WHAT THE TASK REQUIRES: Transcribe all of the records word for word, but omit the pictures.

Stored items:
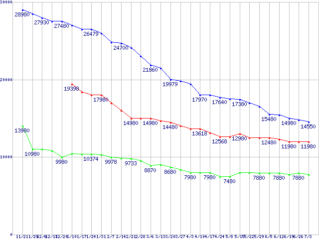 WD Caviar Black (7200rpm,3Gb/s)の最安値推移
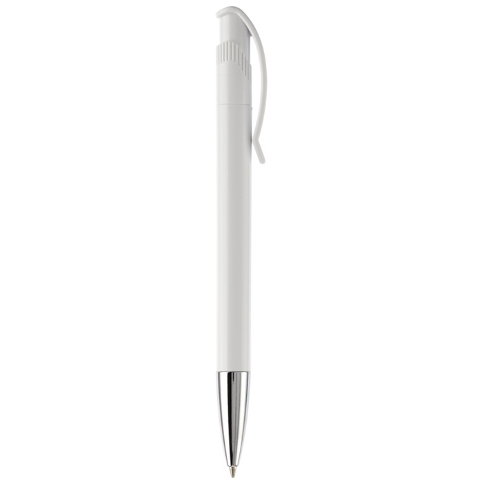 Stylo en plastique blanc avec détails sur le bouton-poussoir
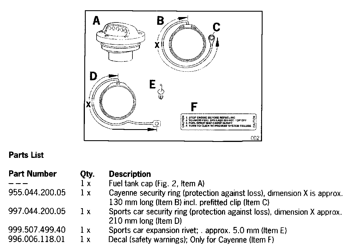 The "fuel filler cap in aluminum look" may only be install by an authorized Porsche dealer!
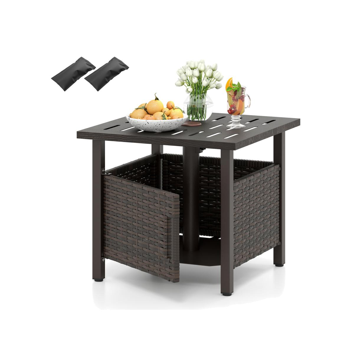 This sturdy patio side table is built with a rustproof zinc-iron alloy and galvanized iron frame, capable of supporting up to 120kg. It features a 4.9cm umbrella hole with an adjustable screw for your poles, ensuring shade and protection perfectly blend into your setup. For added stability, this outside umbrella table includes 2 weighted sand bags, each holding up to 5kg of sand, seamlessly stored via an accessible front door. The inner space also allows you to store items conveniently. Additionally, Adjustable foot pads maintain balance, making this the quintessential addition to your porch, garden, deck, or poolside.
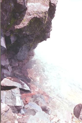 現在でも久須志岳は垂直の崖で、その下はえぐれていて、いつ落石が起きるかわからないような状態。
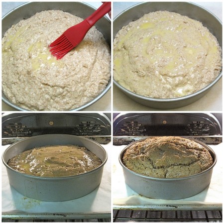 Brush the top with 1 tablespoon melted butter. Wait 5 minutes for the liquid to be absorbed by the flour before baking.
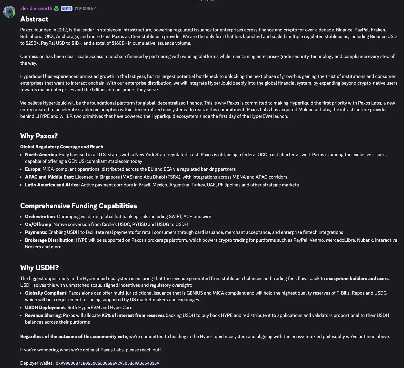 老牌合规稳定币机构 Paxos(曾发行 USDP 和 PayPal USD)率先提交提案。Paxos 承诺将 USDH 打造为「Hyperliquid 首发」的合规美元稳定币,完全符合美国《稳定币创新法案(GENIUS)》和欧盟 MiCA 法规标准。技术上,USDH 将由 Paxos Labs 部门运营,在 Hyperliquid 的两条链(HyperEVM 和 HyperCore)上原生发行。
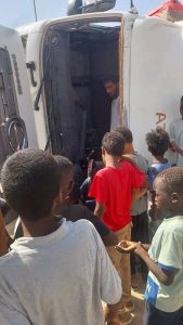 اطفال الحي امام العربة الشاحنة بعد الحادث
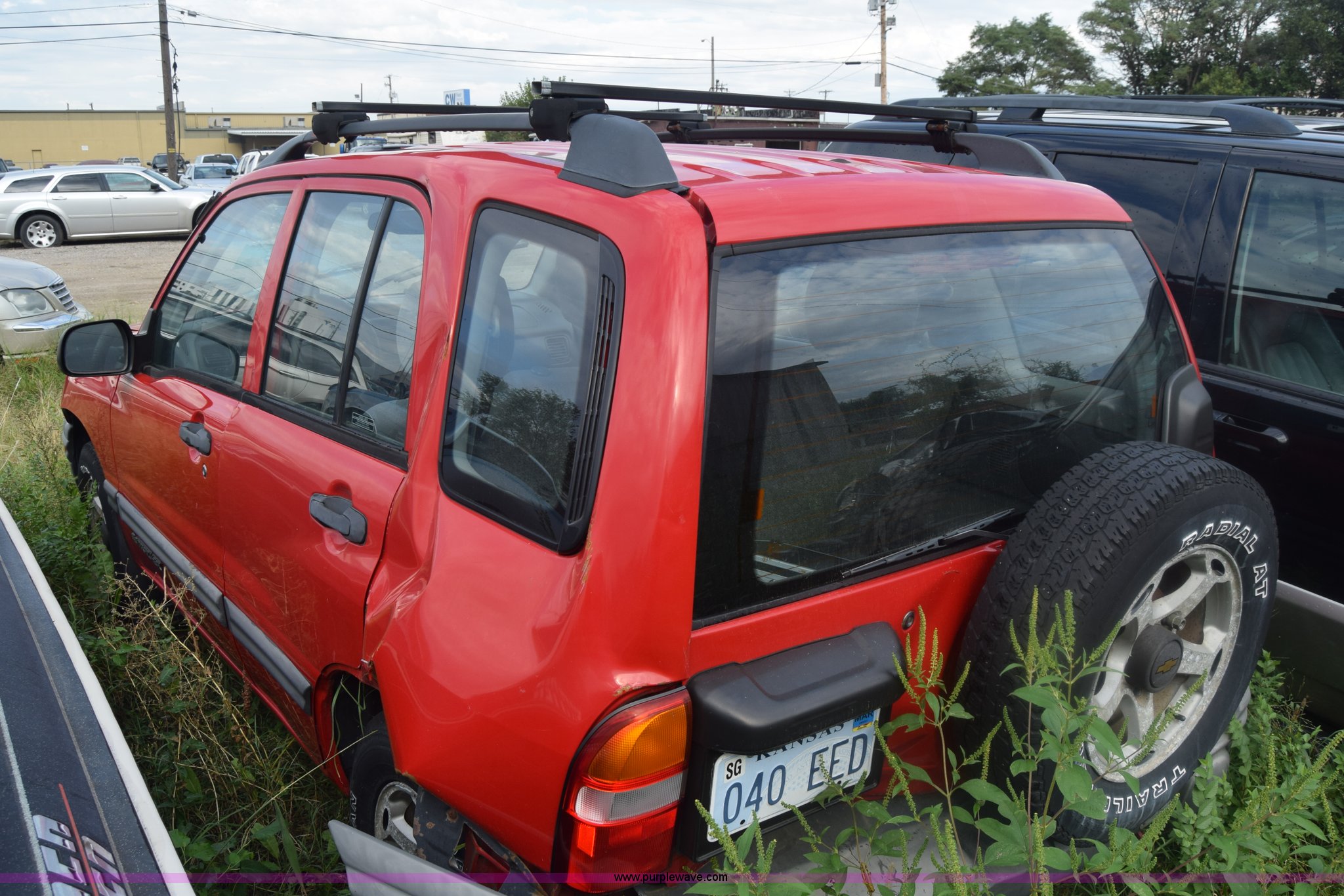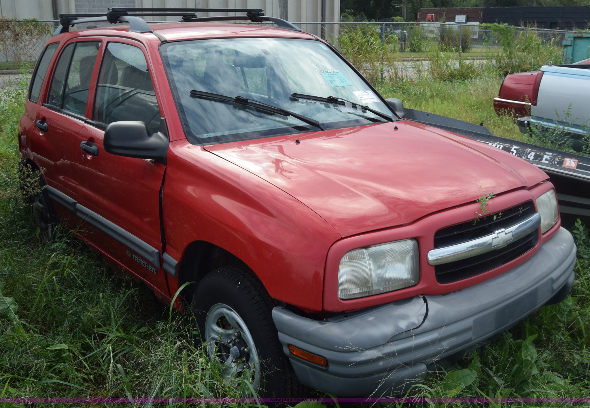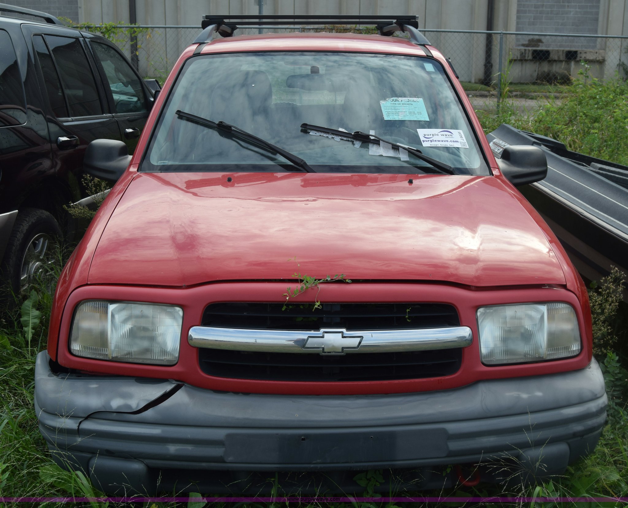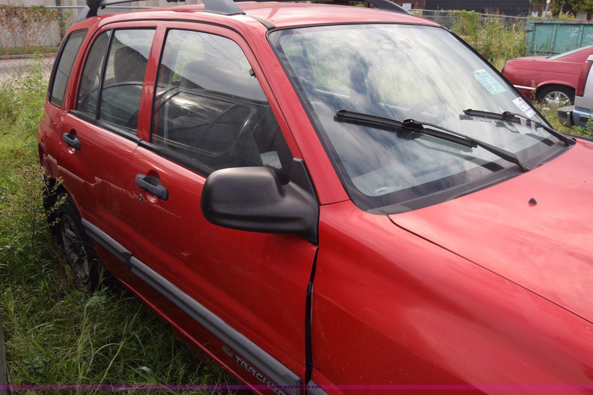 Purple Wave is selling a used Passenger Vehicle in Kansas. This item is a 1999 Chevrolet Tracker SUV with the following: Unknown miles on odometer, 2.0L L4 DOHC 16V gas engine, Automatic transmission, Four wheel drive, AC and heat, Tilt, AM/FM/cassette, Manual windows and locks, Cloth interior, 205/75R15 tires, Interior/exterior cosmetic damage, Dents, Paint scratched, Body damage, Front bumper damaged, Doors locked, Case# 15C43013

RESPONSE AREA:
 WD Caviar Black (7200rpm,3Gb/s)の最安値推移
 Stylo en plastique blanc avec détails sur le bouton-poussoir
 The "fuel filler cap in aluminum look" may only be install by an authorized Porsche dealer!
 This sturdy patio side table is built with a rustproof zinc-iron alloy and galvanized iron frame, capable of supporting up to 120kg. It features a 4.9cm umbrella hole with an adjustable screw for your poles, ensuring shade and protection perfectly blend into your setup. For added stability, this outside umbrella table includes 2 weighted sand bags, each holding up to 5kg of sand, seamlessly stored via an accessible front door. The inner space also allows you to store items conveniently. Additionally, Adjustable foot pads maintain balance, making this the quintessential addition to your porch, garden, deck, or poolside.
 現在でも久須志岳は垂直の崖で、その下はえぐれていて、いつ落石が起きるかわからないような状態。
 Brush the top with 1 tablespoon melted butter. Wait 5 minutes for the liquid to be absorbed by the flour before baking.
 老牌合规稳定币机构 Paxos(曾发行 USDP 和 PayPal USD)率先提交提案。Paxos 承诺将 USDH 打造为「Hyperliquid 首发」的合规美元稳定币,完全符合美国《稳定币创新法案(GENIUS)》和欧盟 MiCA 法规标准。技术上,USDH 将由 Paxos Labs 部门运营,在 Hyperliquid 的两条链(HyperEVM 和 HyperCore)上原生发行。
 اطفال الحي امام العربة الشاحنة بعد الحادث
 Purple Wave is selling a used Passenger Vehicle in Kansas. This item is a 1999 Chevrolet Tracker SUV with the following: Unknown miles on odometer, 2.0L L4 DOHC 16V gas engine, Automatic transmission, Four wheel drive, AC and heat, Tilt, AM/FM/cassette, Manual windows and locks, Cloth interior, 205/75R15 tires, Interior/exterior cosmetic damage, Dents, Paint scratched, Body damage, Front bumper damaged, Doors locked, Case# 15C43013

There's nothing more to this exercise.